I am a liar by profession. My credentials say I am Vane Sterling, a brilliant, desperate PhD candidate transferring to the elite Eternity Biomedical Institute. My encrypted field files say something else: Infiltrate Private Lab 404. Extract the Sovereign Gene. Do not touch the lead scientist. The Sovereign Gene is the ultimate biological monopoly—a multi-trillion-dollar synthetic sequence that turns human life into an aggressive monthly subscription model. To steal it, I just had to pass a standard research rotation under Dr. Liam. But Liam isn't just a scientist. He is six-foot-four of pure academic arrogance, lethal intellect, and clinical obsession. He doesn't compromise. He reads human physiological errors like an electron microscope. And worse? He is the estranged son of Elias—the ruthless founder of the institute and the architect behind the extortion scheme. Liam is currently running a dark, cold war against his own father for control of the gene. THE OFFICIAL INKITT BOOK BLURB HIGHLIGHT: "Your world just got very small, Vane. You operate inside my clean zone. You breathe my air. You analyze my data.
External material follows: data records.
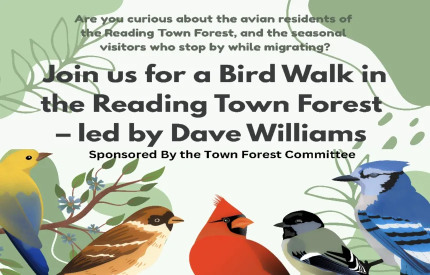 Are you curious about the avian residents of the Reading Town Forest, and the seasonal visitors who stop by while migrating? Join us for a Bird Walk in the Reading Town…
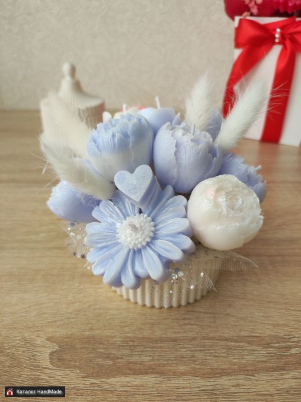 Букет из свечей ручной работы в гипсовом кашпо прекраско дополнит ваш и
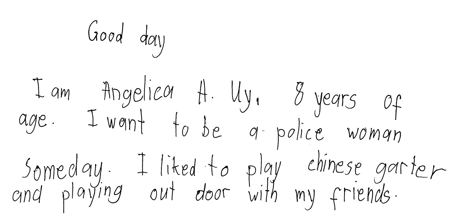 Angelica geht schon in die zweite Klasse. Ihr Vater verdient als Tricycle-Fahrer nur wenig Geld, ihre Mutter ist Hausfrau und kümmert sich um Angelica und ihre vier älteren Geschwister. Die finanzielle Situation der Familie ist so angespannt, dass Angelica stark vom Schulabbruch bedroht ist. Angelica hat viele Freunde, mit denen sie die freien Nachmittage verbringt und die auch ein wieder- kehrendes Motiv auf ihren Fotografien sind. Mit Knete und Barbiepuppen spielen gehört zu ihren liebsten Beschäftigungen. Außerdem liebt sie den Matheunterricht, weil sie schon richtig gut rechnen kann. Angelica möchte später auch als Polizistin arbeiten und so ihre Stadt sicherer machen.
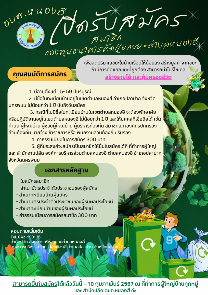 เปิดรับสมัครสมาชิกกองทุนธนาคารคัดแยกขยะตำบลหนองฮี
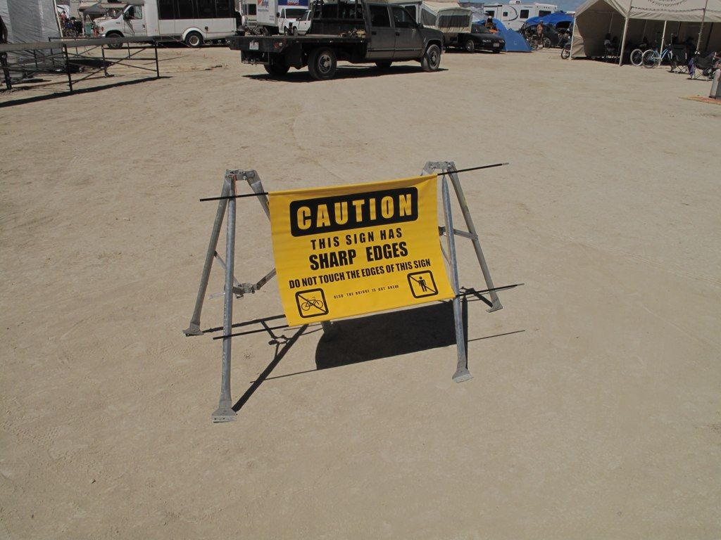 Instead, they chose to display predominantly that the sign has sharp edges. Maybe the organizers had experiences with people getting hurt by moving the sign?

I’m not holding you hostage, detective. I’m preserving my only functional variable."

Status
Ongoing
Chapters
6
Rating
n/a
Age Rating
18+

THE ACADEMIC ANOMALY

The air inside the main rotunda of the Eternity Biomedical Institute didn’t just smell like antiseptic.
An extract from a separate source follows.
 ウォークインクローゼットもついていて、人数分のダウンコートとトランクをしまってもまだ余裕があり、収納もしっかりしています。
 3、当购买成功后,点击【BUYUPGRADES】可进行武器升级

It tasted like a deliberate corporate lie.

It was that hyper-sterile, high-rent vapor that expensive labs used to mask the scent of burning money and sketchy ethics.

Vane adjusted the strap of her leather messenger bag.

Her thumb brushed the hidden release catch on the bottom seam.

Beneath the decoy iPad and the stack of forged postgraduate transcripts lay a custom-milled micro-taser.

No bigger than a sharpie.

But packing enough voltage to short-circuit a silverback gorilla.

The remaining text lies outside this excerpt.